Tribute

~ by Kristin Westlake

We are here tonight to honour Eli the man. A man we all loved, in our different ways, who touched our hearts and lives such that now, what seems an eternity but is, I suppose, just a short time after his death, we gather again to remember how we loved him.

Some of us knew Eli mostly as that man. A man of deep compassion and ocean-wide acceptance, with an evergreen spring of sweetness in his character that, even in the darkest of times, shone through those gorgeous turquoise eyes. At the end of his life it did more – it suffused the air around him and enveloped everyone around him.

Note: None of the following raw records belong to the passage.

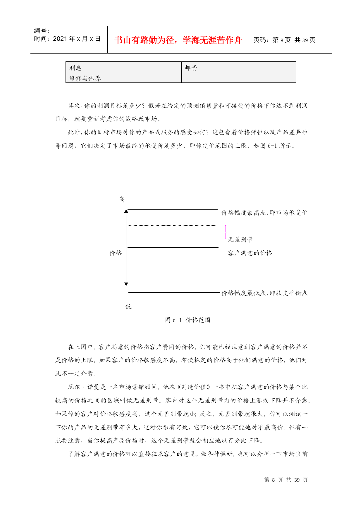 编号:时间:2021年x月x日书山有路勤为径,学海无涯苦作舟页码:第PAGE39页共NUMPAGES39页第PAGE\*MERGEFORMAT39页共NUMPAGES\*MERGEFORMAT39页如何定价与设计分销渠道导言真正的问题所在是价值,而不是价格。——罗伯特·林格伦中间商不属于由制造商所铸成的锁链中被雇用的一个环节,而是一个独立的市场,并成了为一大群客户购买的焦点。——菲利普·麦克威在营销组合中,价格是唯一能产生收入的因素,其它因素则表现为成本。价格也是营销组合中最灵活的因素,它与产品和渠道不同,其变化异常迅速。价格与价格竞争是公司所面临的首要问题。为产品定价是商业中令人感到头痛的问题。价格是你的利益的体现,也是客户对你所做的一切努力的应有回报。在定价时,你必须确保你的公司得到应有的利益。没有人会付给你高于你的定价的价钱,因此,你不要定低了价格。营销活动的关键是:让客户心甘情愿地、快速地为你的产品或服务付费。本课件主要探讨以下内容:从客户的立场上如何看待产品的价格?定价时要考虑的主要因素有哪些?价格制定的过程,对价格的修订以及对价格变动所要采取的措施;分销渠道的结构和设计分销渠道的作用及其相互关系分销渠道的政策分销渠道的管理市场后勤客户如何看待你产品的价格?客户在评价价格时通常会考虑下列因素:以前使用你的产品和竞争者的产品的经验;从朋友、同事及其他人那里得到关于你的公司和产品声誉的口头传播信息;通过对产品和品牌的比较所得到的信息;公司的整体形象和服务质量;附加在主要产品上的附加品或服务的价值;其它方面。客户如何看得你的产品或服务的价格这对你很重要,你必须弄清楚他们对价格变化的反应灵敏程度是怎样的。对价格变化的灵敏度叫做“价格弹性”,价格的微小上升导致销售量的巨大下降,表明价格是弹性的;相反,价格的大幅度提升只引起微不足道的销售下降,表明价格是非弹性的。阅读材料===价格弹性测试说明:在你认为正确的问题前的方框内打上“∨”价格在意料之中吗?如果你在别人意料到的范围内变动价格,那么客户的价格敏感度就不会高;反之,则完全不同。产品价格与实际价值相匹配吗?有些产品是独一无二的,客户自己也知道很难找到更便宜的替代品。这时,他们对产品价格的敏感度就会降低。产品是急需的吗?如果是急需的产品或服务,价格就不重要;相反,客户的价格敏感度就会高。你的产品有替代品吗?如果客户购买你的产品时,没有其它可供选择的替代品,价格敏感度就低。只有在所购产品由不同价格替代品的情况下,客户购物时才会考虑价格。客户是否不知道其它替代品?客户不了解的东西,价格敏感度就低;客户难以对产品做出比较吗?有时,客户很难对某些产品进行比较,做出选择。产品是否令客户感觉到便宜?客户想买高价值的产品时,并不太在意价钱。然而,一到真正购买时,他们就心痛了。如果一件产品的价格属于高档价位,那么即使它的价格定得已经很低了,仍会被客户认为非常贵。例如,你购买一部价格高、性能好的便携式电脑时的价格敏感度肯定比购买一台普通台式电脑时的价格敏感度高。你打的“∨”越多,说明你的客户价格敏感度越低,即使你提高了价格也不会太影响产品的销售量。许多公司在定价时陷入了所谓的“低价误区”。他们以为只要把价格定得低一些,销售量就会增加。虽然降价促销是很有效的一种策略,但并不都是这样。有时客户可能不像你担心的那样对价格非常敏感,他们有可能认为价格是质量的标志,如果你过分压低你的产品的价格,反倒会引起他们对你的产品的怀疑。同时,降价的结果也会导致公司利润的下降,使你白白丧失了本来应得的利益。价格并不是客户选择你的产品或服务时唯一考量因素。你完全可以参考其它选择,比如建立品牌信誉、提高产品质量、采取声望定价或利用时间、地点优势,创造额外价值来吸引客户。要经常同你的客户接触,观察了解他们对你的产品价格的反应。另外,公司对产品的定价,必须与希望建立的公司形象保持一致。客户通常会把产品或服务的价格与诸如质量等因素直接联系起来。高质量的产品加上低价格等于低质量的产品形象。如果你为一种产品定了高价,必须:确保广告和其它促销信息强调质量的产品形象;通过与客户沟通并强调公司的经验、业绩或声誉,来解释你的价格为什么高;不断地监督产品或服务的质量。如果客户付了高价,你最好能超出他们的期望;如果你为一种产品定了低价,必须:·确保营销组合的其它因素(产品质量、品牌、包装、渠道及广告等)支持你的低价形象;·提供真正的价值(客户不想得到低质量的产品,即使他们付了低价);·在广告中解释你的公司为什么能制定如此低的价格;·监督产品或服务的质量,质量至少应等于客户的期望,这样你就可以保持它们对公司的信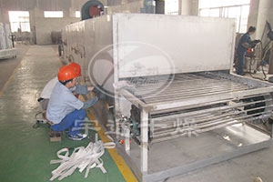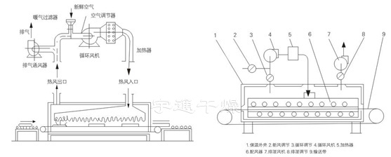 工作時熱風(fēng)以孔束流由上下同時噴向輸送帶上的物流,由于噴射氣速高達(dá)15m/s以上,故對流傳熱的膜極薄,傳熱系數(shù)大,干燥速度快,該設(shè)備用與不透氣類物料時,上面噴射氣流仍返回上面,下面噴出的氣流仍返回下面,在參與循環(huán)。對透氣性物料氣流束具有強(qiáng)穿透性及在物料內(nèi)部的擴(kuò)散性。使用熱源可以是蒸汽,電,熱風(fēng)爐及燃油煙道氣等。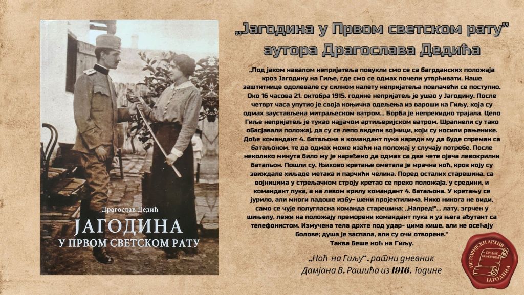 Издање књиге „Јагодина у Првом светском рату“ је у тврдoм повезу у издању Историјиског архива „Средње Поморавље“ Јагодина, цена књиге је 1500 динара.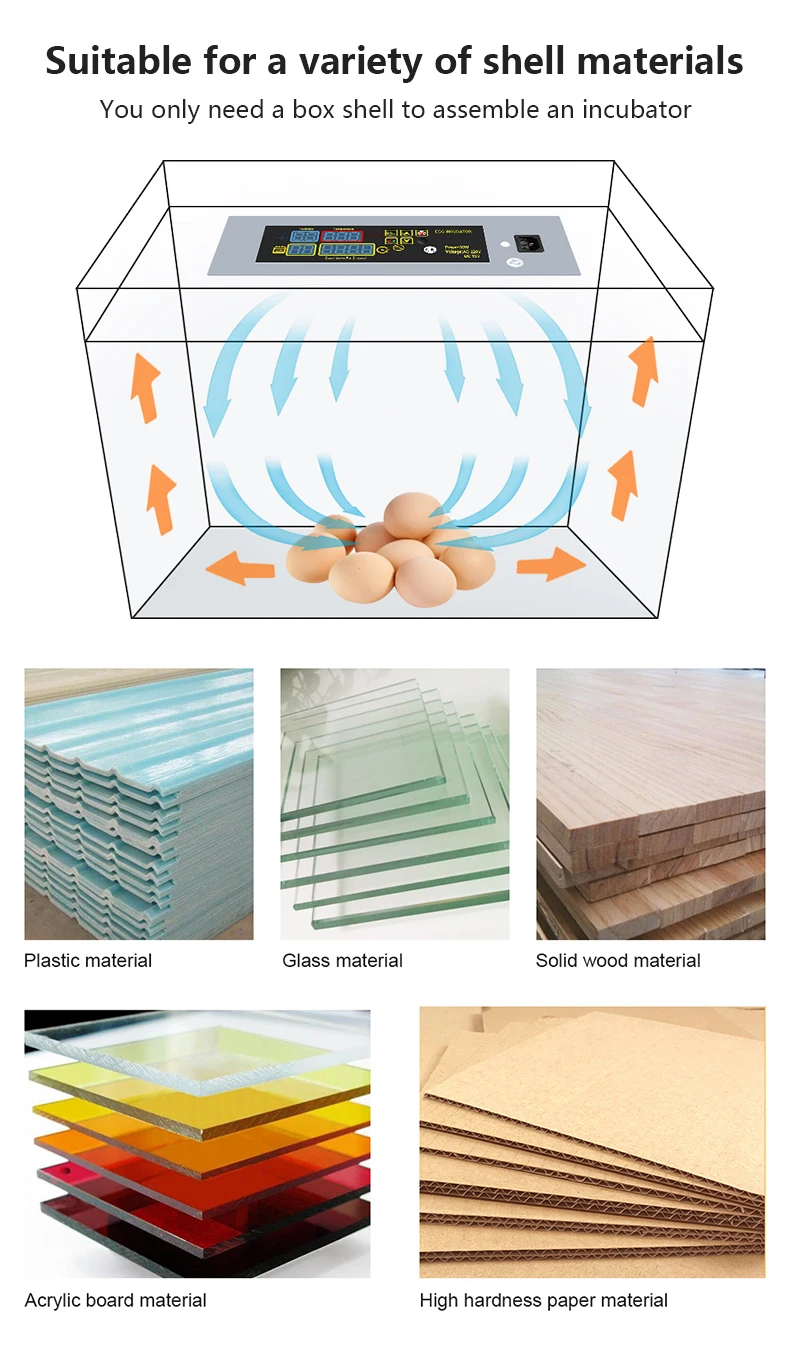 Это своего рода высококачественный инкубатор для яиц, принимает нагревательный лист PTC, автоматическую постоянную температуру, энергосбережение, дает вам стабильную инкубаторную температуру. Сложный датчик температуры, обеспечивает точность сбора информации. Оснащен вытяжным вентилятором, равномерным рассеиванием тепла, с низким уровнем шума и может обеспечить длительный срок службы. DIY Мини принадлежности для инкубаторов, подходит для акриловой доски, пластмассы, стекла, дерева, твердой доски и т. Д ..

Some of us were blessed enough to know the child from whom that man was born. Eli the child was the dearest of darlings, sleek and brown and round as a polished teak Buddha, with a beatific smile and contemplative soul that befitted the comparison. Committed to doing things in his own time, Eli bestowed the most mundane of tasks with an attention some devote only to prayer.. Long before he could read, Eli was famous in the family for taking a considered collection of reading material to the bathroom, bestowing even this most mundane of all human tasks with a dignified consideration that would become a hallmark of his character.

Eli the child has been most at the surface of my thoughts of late, and just three nights ago I had a dream. I have a little son of my own now, and he joins me on the kitchen bench in the evenings while I cook. In my dream, Eli the child was sitting in this place on the kitchen bench, in his childhood garb of short stubbies and a t-shirt, bestowing my kitchen with that calm turquoise gaze and giving it his blessing with his Buddha smile. I looked up from my stove and saw him, and my delight was just awesome – “I thought you were dead!!” I cried.”

“I’m not dead.” He said, and simply sat calmly on the bench as I buried my face in his tiny lap and sobbed and sobbed… “Oh, thank god. I love you.”

And then I woke up. You will all no doubt know what it is to wake into the knowledge that something is wrong and then to have the wrongness crash upon you as the world grinds into movement for another day. And from the love and relief of my dream came the sorrow – for myself, for Jan and Nigel and Joel whose grief is unknowably deep, and for the world bereft of this little soul and the man he became.

In the three days since then I have thought a lot about my dream, and all that I can think to take from it is the love I felt. The relief can never come, but I think  that none the beloved ones, who look over at us from the other side of death, would want their passing to make us hate more, or fear more, because they were taken away. The world is still beautiful – it must be, because it gave us Eli. And all that love that Eli gave us, the love that’s brought us here tonight, maybe it’s now our job to pass it on. To make sure the world can still benefit from that evergreen sweetness. As the world grinds on and we, however reluctantly, get on with the rest of our lives, I think Eli will be pleased to see us acting in the light of our love for him. Because of if I’ve learned anything from all this, it’s that love is all we have.